As for choosing between AWS and Azure, you should be able to run your workloads in either. Price-wise, Microsoft recently committed to matching AWS pricing, so no difference there. For running Microsoft workloads, it's worth considering that Microsoft supports the whole stack all the way up for Azure workloads, whereas I'm not sure how much support Amazon is able to provide when strange things happen in IIS, for example.

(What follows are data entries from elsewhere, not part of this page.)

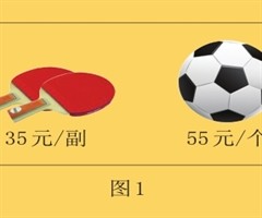 憨憨猪家新开了一家超市,超市开业期间部分商品有优惠。 狐狸晶晶一大早就来到超市,在超市里转了一圈,选中了两副乒乓球拍和两个足球。 狐狸晶晶看了看价格(如图1)说:“憨憨猪,我来帮你算出钱数吧!”憨憨猪说:“可以呀!” “一副乒乓球拍35元,...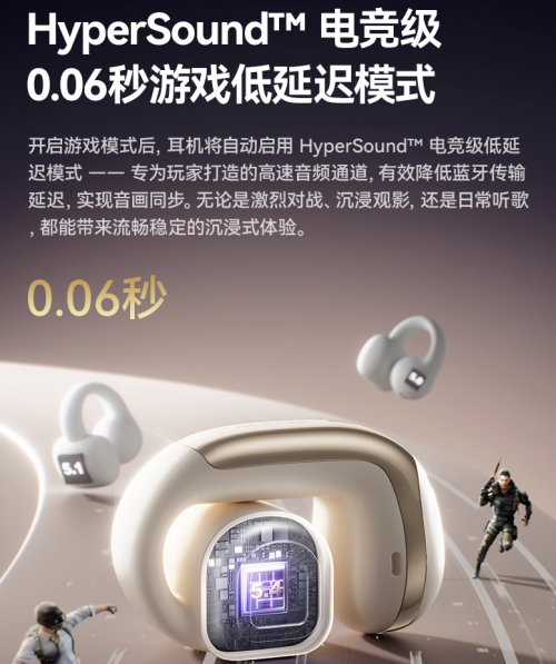 还专为玩家打造的Hyper Sound™电竞级低延迟模式,可实现0.06秒极速响应,相比行业同类产品多在80~100ms左右延迟,西圣Plume大幅降低延迟,让激烈游戏、沉浸观影体验流畅无卡顿。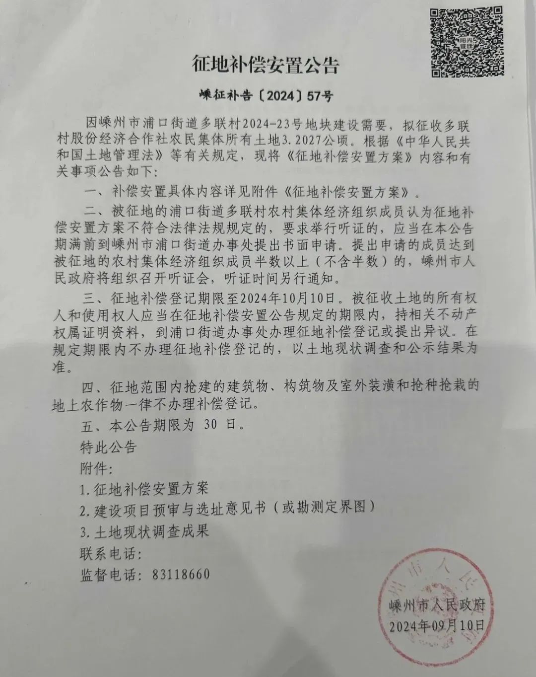 (嵊征補(bǔ)告〔2024〕57號(hào))

Pricing for Azure: http://www.windowsazure.com/en-us/pricing/calculator/
That said, I think the first thing to decide would be whether you're looking for Infrastructure as a Service (IaaS) or Platform as a Service (PaaS). The Iaas approach means forklifting your current servers from where they are to the cloud datacenter, with little else changing. The PaaS approach means refactoring your website or application to run on top of Azure, for example, rather than within IIS on your server. This would probably mean more work but you would get all of the benefits of a modern web service built for the cloud. See for example:
http://cloud.dzone.com/articles/developers-perspective-iaas-vs
You also mentioned SSDs. If that implies you have performance intensive requirements, make sure you set up some test servers and get a feel for the performance in AWS or Azure first. My testing in Azure has shown excellent read speeds, but not screaming write speeds. And you won't get SSD performance. But there is plenty of caching going on, so that may be OK. Capacity-wise, multiple TBs of data are no problem.